The Holistic Role of Survivorship Nurses

Posted on October 21, 2020 by Jamie Walden
Jamie Walden

Dr. Leigh Minchew wearing a mask talking to a patient. data-lightbox='featured'

The medical term for living with and beyond a cancer diagnosis is known as the survivorship phase. For many patients, survivorship discussions and future planning begins as early as day one of diagnosis. Oncology nurses are at the forefront of patient-centered cancer care and work to ensure that patients with all prognoses are able to plan for their future accordingly—whatever that future may hold.

According to Dr. Leigh Minchew, Assistant Dean for Academic Affairs and Associate Professor at USA College of Nursing and a Gynecologic Oncology Nurse Practitioner at the Mitchell Cancer Institute, the role of the nurse in cancer survivorship is a holistic one. “It’s important to note that survivorship begins at the diagnosis—from there, as nurses we’re involved in so many different aspects of the patient’s life. Psychological, spiritual, physical, emotional—cancer impacts so many areas that as nurses, we have to work to promote the realization of health in all regards,” says Dr. Minchew

Addressing patients’ quality of life, health promotion, and long-term care doesn’t begin after they’ve completed their treatment cycle. Managing the issues associated with survivorship can start even before the first treatment appointment and certainly extend to months and even years beyond when a patient is able to ring the bell that signifies their last treatment has been completed. And the role of nurses goes far beyond technical skills. They must advocate for their patients on many levels.
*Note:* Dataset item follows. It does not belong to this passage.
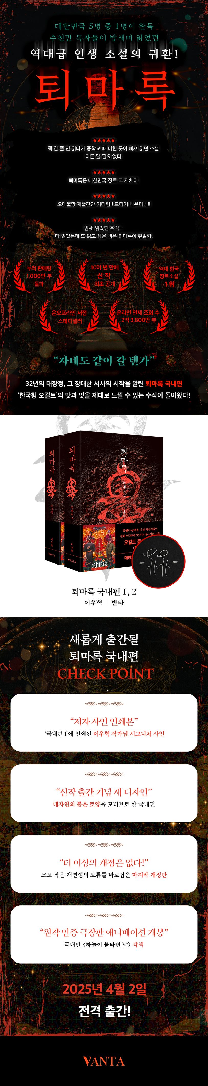 2025년2월21일개봉한애니메이션영화〈퇴마록〉의상승세에힘입어,영화의원작스토리가된《퇴마록국내편》전2권이오는4월오팬하우스에서선출간된다.85분으로압축된애니메이션에서는미처확인하기어려웠던인물들의장대한서사와과거히스토리를다시금찾아볼수있어애니메이션과비교해서보는재미는물론,원작소설만이주는오리지널리티의감동을더욱크게느낄수있다.거기에더해구판해설집이아쉽지않을정도로상세한설명을각주로달았으며,크고작은개연성의오류를한번더잡아낸완성형판본으로독자들의소장욕구를자극할것이다.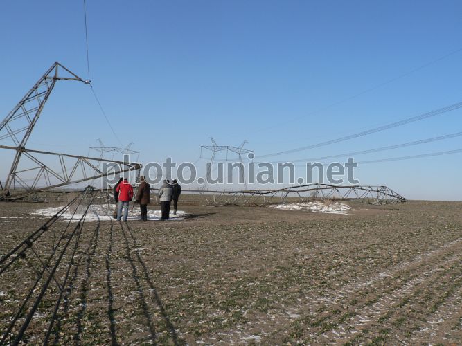Сотрудники оперативной группы расследуют преступление на месте падения опора магистральной линии ВП-750 кВ «ЗАЭС-Южнодонбасская» в районе с. Качкаровка (Великобелозерский район, Запорожская область), 26 января 2012 г. Сотрудники правоохранительных органов задержали троих мужчин, которые 27 января в Великобелозерском районе Запорожской области в районе села Качкаровка разобрали металлическую конструкцию электроопоры. Тогда в ходе проверки было установлено, что на опоре № 77 (а также на двух соседних) частично отсутствуют металлические уголки и степ-болты, из-за чего опора упала на землю, что привело к короткому замыканию электросети и снижению мощности атомной станции на 40 МВт. Никто не пострадал, на общее состояние электроснабжения это не повлияло, перебоя в подаче электричества к пользователям не было. Для расследования этого преступления правоохранители создали усиленную следственно-оперативную группу, которая оперативно установила личности подозреваемых в совершении преступления: троих местных жителей 1986, 1987 и 1978 года рождения. В отношении задержанных следственным управлением ГУМВД Украины в Запорожской области возбуждено уголовное дело по признакам преступления, предусмотренного ч.2 ст. 194 -1 УК Украины «Умышленное повреждение объектов электроэнергетики». Фото предоставлено главным инженером Национальной энергетической компании «Укрэнерго» Днепровской энергетической системы «Запорожские магистральные сети» Василием Федорончаком / УНИАН

“When it comes to survivorship, one of the biggest roles of the nurse is to realize and identify gaps in patient access to health maintenance activities. For instance, if a patient has an issue feeling connected to their environment or is having trouble with securing proper transportation to and from treatment, that’s where we step in to facilitate bridging that gap,” she explains. “It’s so important for survivorship nurses to pay close attention to what’s going on in the patient’s environment outside of the health care arena to truly meet  the needs of the patient.”

Dr. Minchew notes that there can be a variety of challenges that occur for individuals as after-effects of cancer care. From strains on personal relationships to physical issues like neuropathy, a variety of complications can arise that nurses must be willing to assist in mitigating. “It’s not always an issue in need of a medication solution,” she says. “Sometimes, it’s just being able to recommend the right shoes to help with neuropathy or understanding how the patient is adjusting to life beyond cancer.”
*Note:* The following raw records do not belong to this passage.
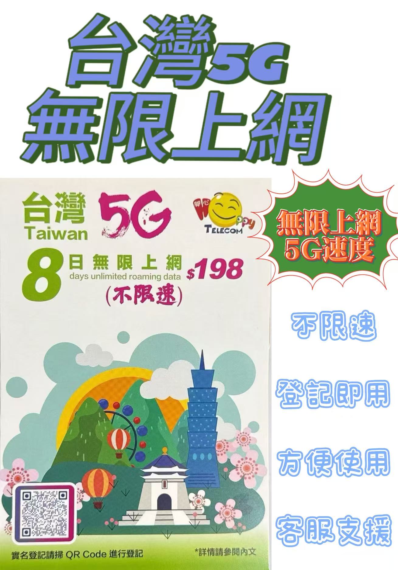 中華電信 - 台灣 真•無限上網【8日全程 5G不限速】極高速 無限數據卡 上網卡 電話卡 旅行電話咭 Data Sim咭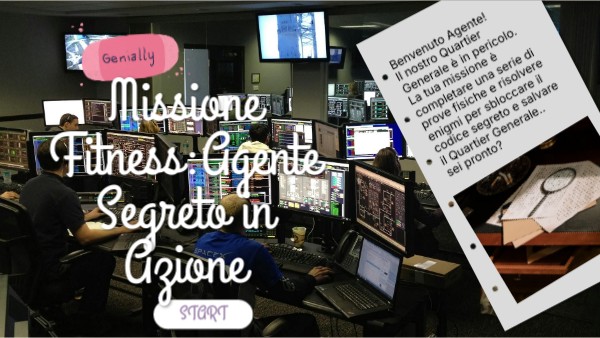Benvenuto Agente! Il nostro Quartier Generale è in pericolo. La tua missione è completare una serie di prove fisiche e risolvere enigmi per sbloccare il codice segreto e salvare il Quartier Generale.. sei pronto?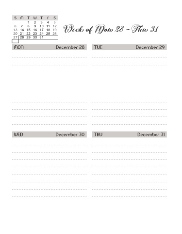 S M T W T F S 1 2 3 4 5 6 7 8 9 10 11 12 13 14 15 16 17 18 19 Week of Mon 28 ~ Thu 31 20 21 22 23 24 25 26 27 28 29 30 31 MON December 28 TUE December 29 WED December 30 THU December 31

A considerable aspect of survivorship is the way a cancer diagnosis—even one with a positive prognosis—severely alters the course of the individual’s life. “Cancer changes everything for patients and their families. There can be a lot of grief over the fact that plans have to change and paths must often shift. This is where nurses come in—I’ve seen so many of our team members step up to help patients adjust their perspective or offer support for what the individual is going through.”

Another noteworthy aspect of this career path is its viability. “Aside from the emotional and psychological benefits of being a survivorship nurse, we’ve seen that there will always be a need for this position. People will always need the delivery of care, which is primarily what we do as nurses.”
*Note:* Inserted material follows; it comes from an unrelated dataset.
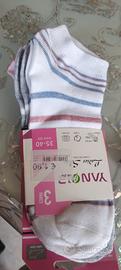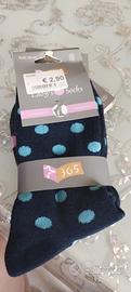 Due set da 3 paia di calze. Uno è un set di calze corte, taglia 35-40, fantasie a pois, con elementi antiscivolo. L'altro è un pacco da 3 paia di fantasmini, fantasia a righe e brillantini, taglia 35-40.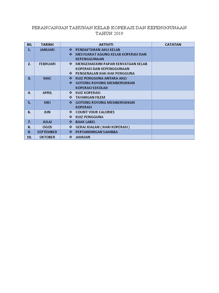 Perancangan Tahunan Kelab Koperasi Dan Kepenggunaan Pdf

The role of a survivorship nurse is a critical one, but it’s more of a calling than simply a career path. Dr. Minchew notes that the rewards associated with ushering patients through their survivorship journey far outweigh the challenges. “It truly is the most rewarding career. Of course, there are good days and not-so-good days, and it can be very emotional for the nurse as well. However, being able to facilitate personal growth and helping our patients feel connected to whatever they need to feel their personal best is an incredible blessing,” she says.